Din akıldan uzaklaştı mı imansızlık artar, şekilcilik başlar. Benim geçen yazımda çok basit bir örnek olarak verdiğim, bir deyim olarak kullandığım, “Yukarıda Allah var” sözüne yönelik, “Allah mekandan münezzehtir” eleştirisi için, tweeterda “Peki, Allah büyüktür’e ne diyeceksiniz, Allah şekil ve hacımla da sınırlandırılamaz” diye sorduğumu ve doğru dürüst cevap alamadığımı lafı uzatmayayım diye yazmamıştım. Yani bu kafalara göre Allah u Ekber dahi demeyecekmişiz. Bir yorumcumda benzer yorumu yapmış ve beni “Laik kafalı” ve dinsiz olmakla suçlamış. Eminim hayatında beynini, yüreğini, ruhunu hiç zorlamamış, neye inandığını, niçin inandığını, nasıl inandığını hiç sorgulamamıştır. CHP ve rejim düşmanlığını imandan sayıyordur. Alışkanlıklarını, çevresinden gördüklerini din sanıyordur. Gerçek inanç sahibi biri, bir başkasını bu kadar kolay suçlayamaz ve inancını siyasetle karıştırmaz. İslam gerçekte akıl dinidir, “oku” ilk vahyidir ve anlamı derindir. İslam sorgulama, mümkün olduğunca akıl ile doğrulama ve inanma dinidir. Allah’tan korkun değerli yorumcum, siyasetle dini karıştırıp nasıl beni dinsizlikle suçlarsın? Mübarek ramazan günü günaha girmedin mi? (Allah’tan kork yazdım ya, şimdi de, Allah korkutmaz, falan deyip beni yine suçlayabilir. Başkalarını özellikle dinsizlikle suçlamak çok tatlı gelir insana. Düşünebiliyor musunuz, sanki Tanrı imiş gibi birilerini inançsızlıkla suçluyorsunuz… Fakat şirk gibi en büyük günahı işlediğinizi bilmiyorsunuz. Allah’tan H.Tahsin imdada yetişmiş, doğruyu yazmış. Şimdi kendisinden yeni durumlara ilişkin yorumlar bekliyoruz, inşallah İktidarın ne olduğunu tam olarak anlamıştır)

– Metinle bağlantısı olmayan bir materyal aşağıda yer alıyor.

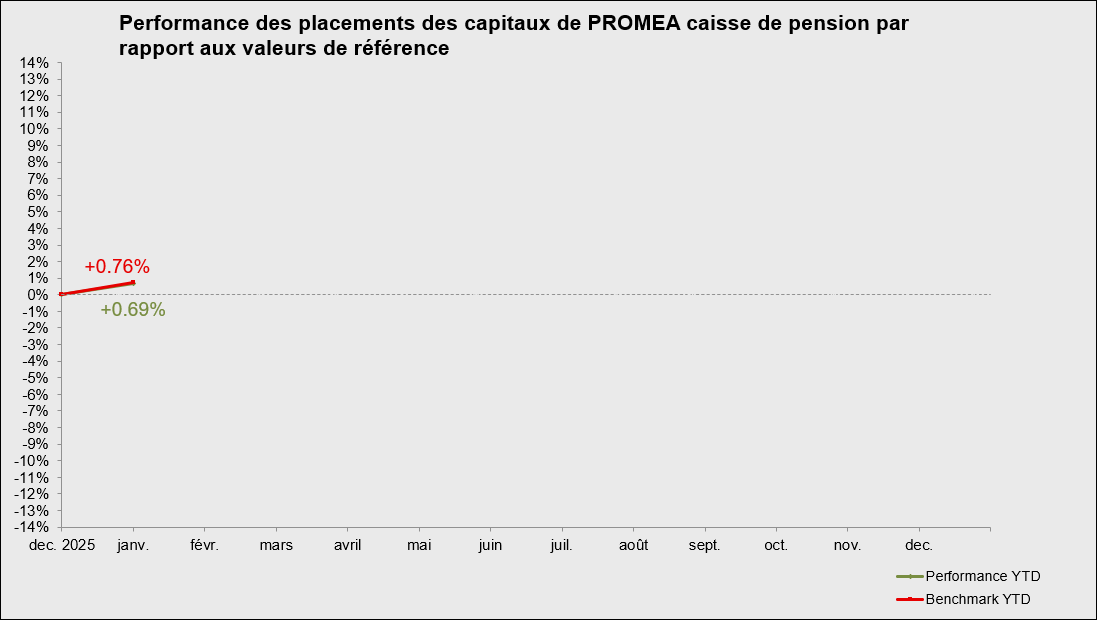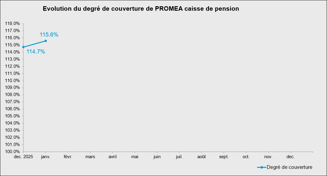Vous trouvez ci-après les chiffres actuels relatifs à la performance des placements et à l’évolution du degré de couverture de l’exercice en cours et des exercices précédents. Veuillez noter qu’en cours d’année, seuls les placements patrimoniaux sont évalués (sans les immeubles). Les engagements de l’institution de prévoyance sont évalués à nouveau exclusivement en fin d’exercice.
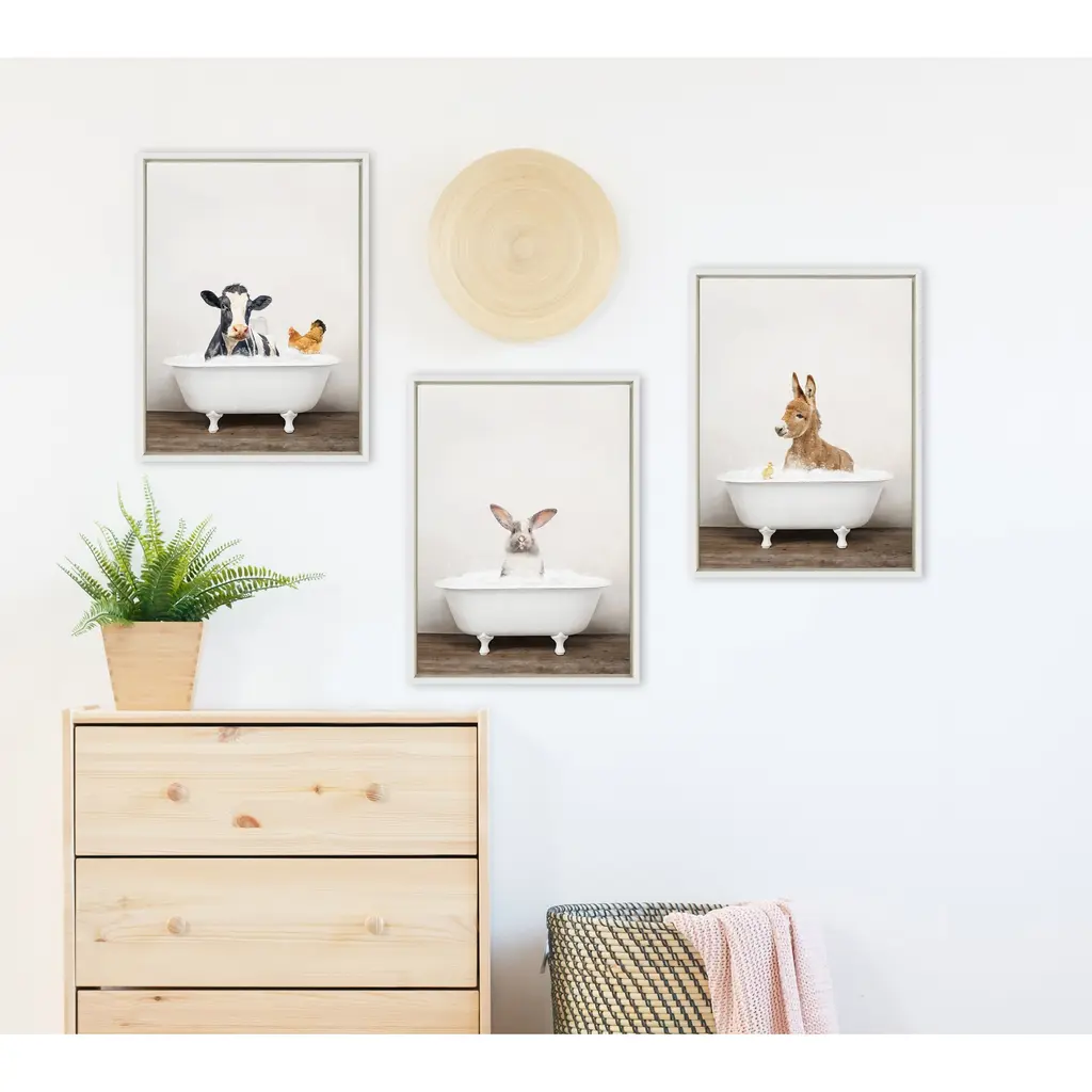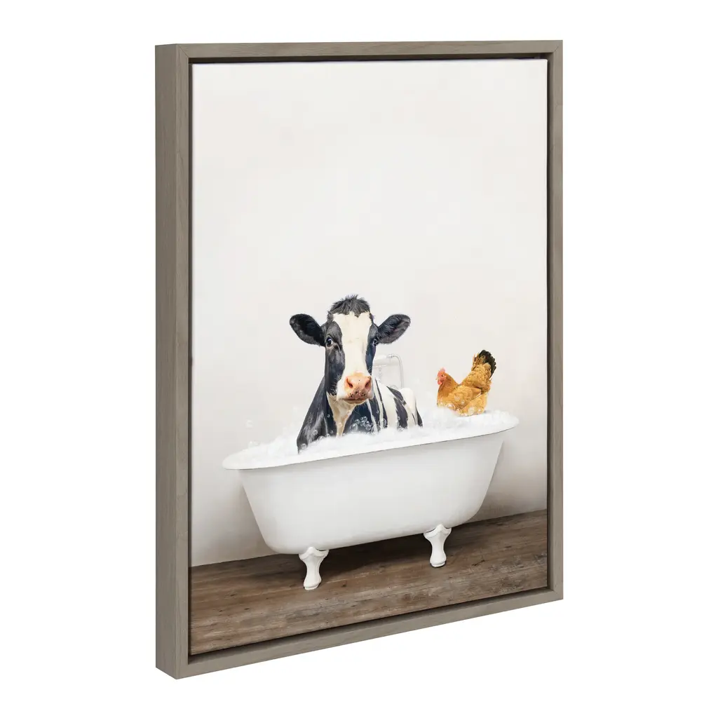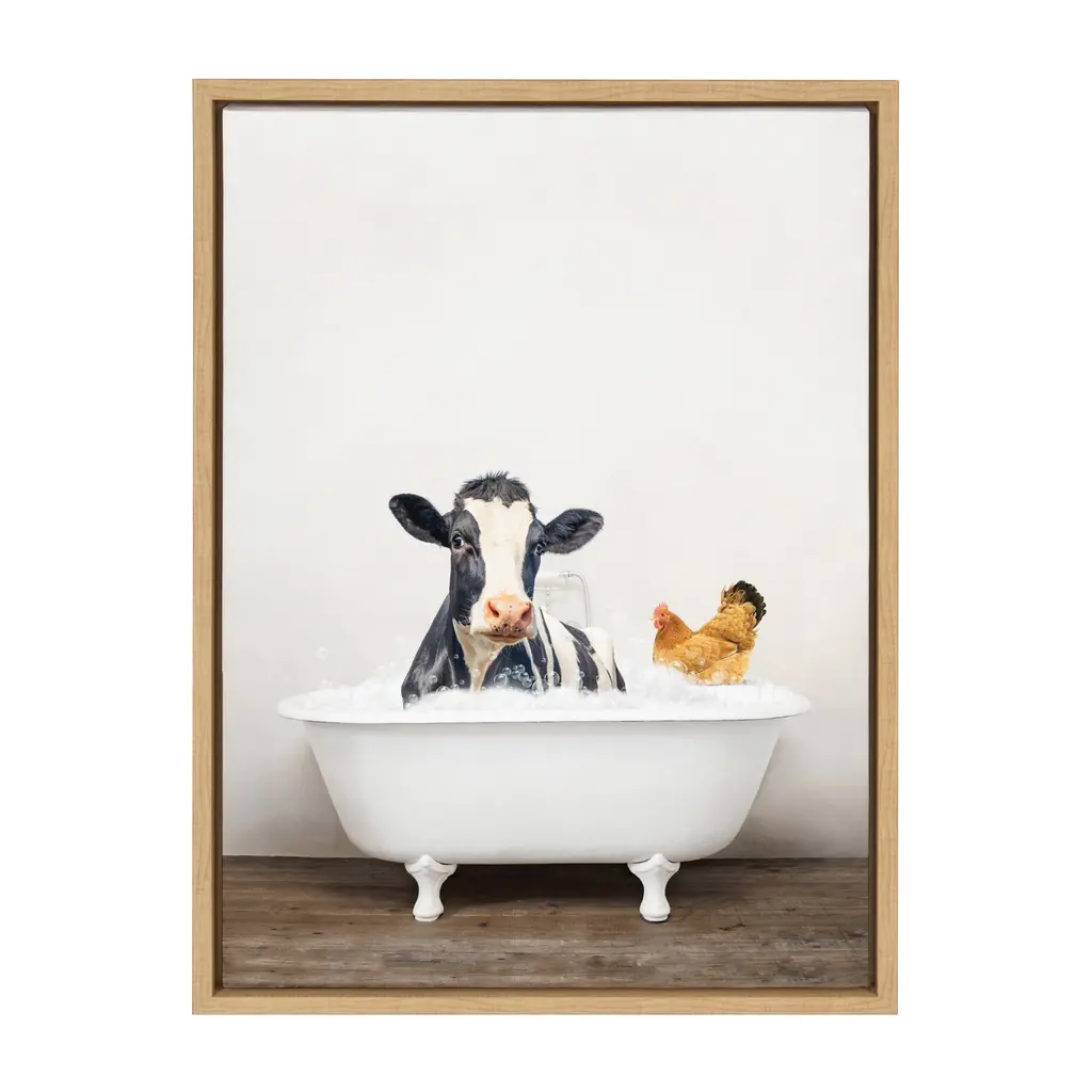 Make a bold impression on your house guests with this whimsical animal art piece by artist Amy Peterson. With its sleek modern frame, this fun, contemporary design is the perfect art piece to add to your home decor collection. Framed in the USA in Waunakee, Wisconsin, this floating canvas art will be a pleasure to look at every day in your living room, bedroom, nursery, or any room in the home. This art print also makes an excellent gift for birthdays, holidays, or house-warming parties. Printed on gallery-wrapped canvas and framed with a lightweight polystyrene frame, this wall art is easy to display on the wall. The outer dimensions are 18 inches by 24 inches by 1.6 inches. Print Name: "Cow and Chicken in Rustic Bath"
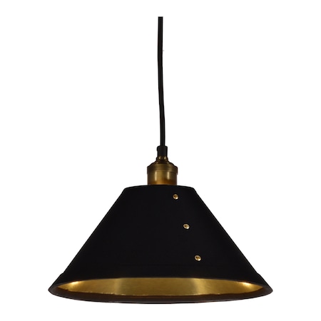 Dainolite FAY-121P-BK 1 Light Pendant, Empire Shade With Brass Rivets, Vintage Steel Finish, Black On Gold Fabric
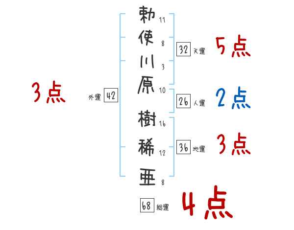 勅使川原樹稀亜さんの画数の鑑定結果
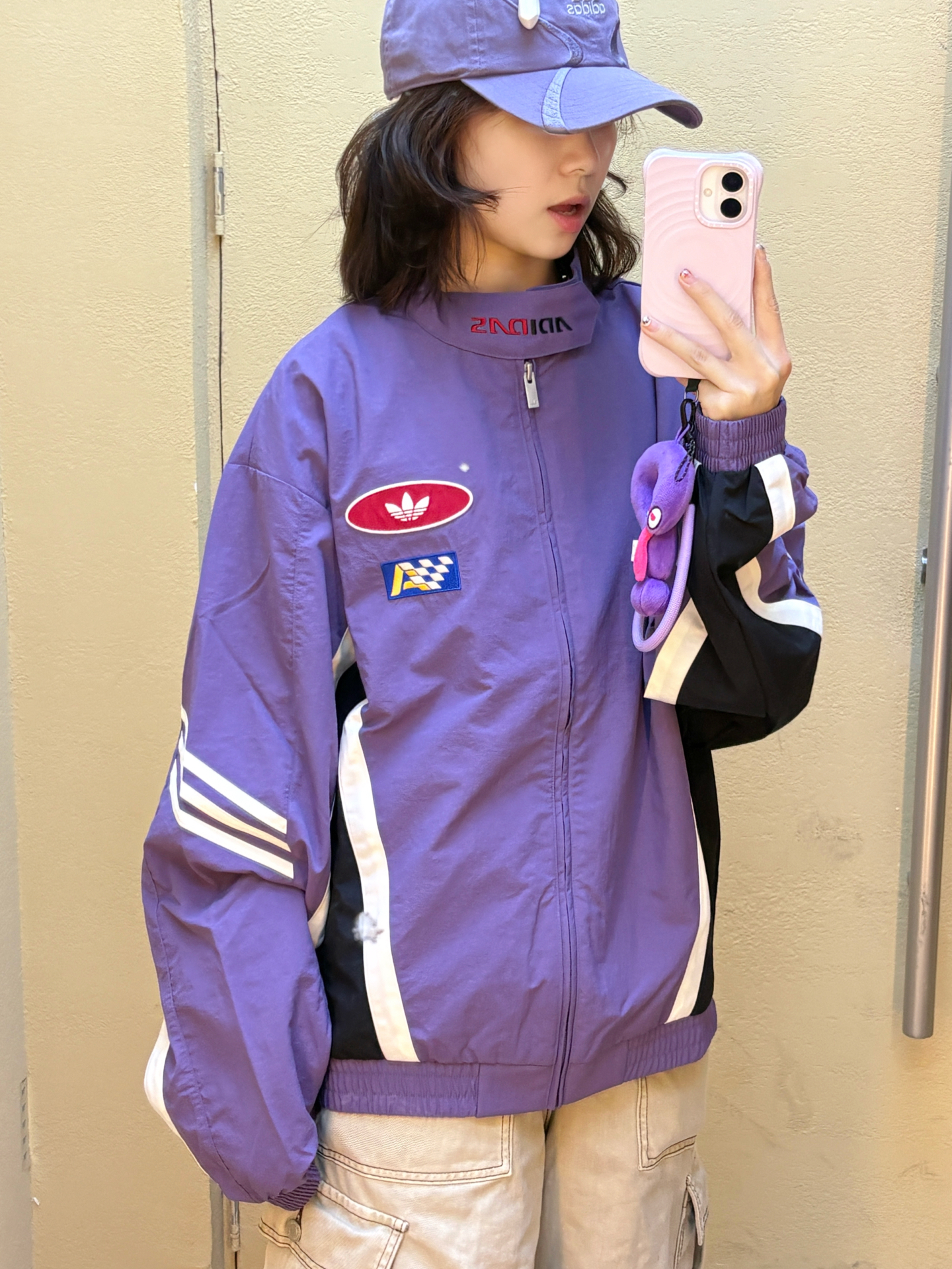 本篇笔记关联了【艾米同款】adidas Originals/三叶草 落肩袖拉链梭织赛车风条纹立领夹克 KH1202 KH1201 科技紫/汉玉白等商品,为用户提供真实的使用体验和购买参考。
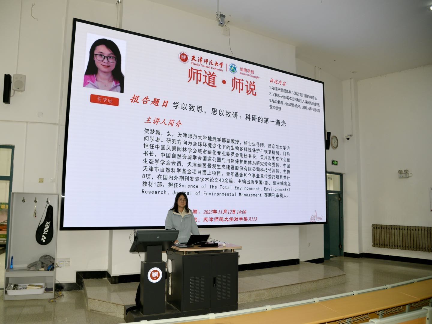 为进一步助力本科生合理规划学业发展道路、萌发科研参与意识,发挥青年教师的引领带动作用,地理学部“师道·师说”系列讲座第二讲于11月12日在劝学楼A113举办。本场讲座邀请地理学部青年教师贺梦璇主讲,由地理学部党委副书记刘亮主持,学部2025级本科新生参加。

Kadir gecesi de televizyonlardaki kandil programlarının samimiyetsizliğine takan, benim Kandille ilgili bir tweetimi istismar olarak algılayan bir arkadaşla tweetleştim. Bu arkadaş sanırım ateistti ve o da beni istismarcılıkla suçladı. Sonuçta siyasilerin veya aydınların en azından dini bilmeleri gerektiğine ikna oldu. Dini bilen saygı duyar, bu ise sorunu çözer, diye düşünüyorum.
İlginç olan şu ki; bir grup dini siyasete alet etmiş, sizi o alana sokmak istemiyor, girseniz de girmeseniz de suçluyor. Diğer grupta dinin siyasete alet edilmesinden rahatsız olduğunu söylüyor ama ne hikmetse o da sizin dindar olmanızı istemiyor, suçluyor… Alın kitaplar dolusu yazılıp çizilecek bir konu daha… Türkiye’de din maalesef siyasetin bir parçası olmuş, sağcılığı-solculuğu da belirleyen din. Saçmalığa bakar mısınız…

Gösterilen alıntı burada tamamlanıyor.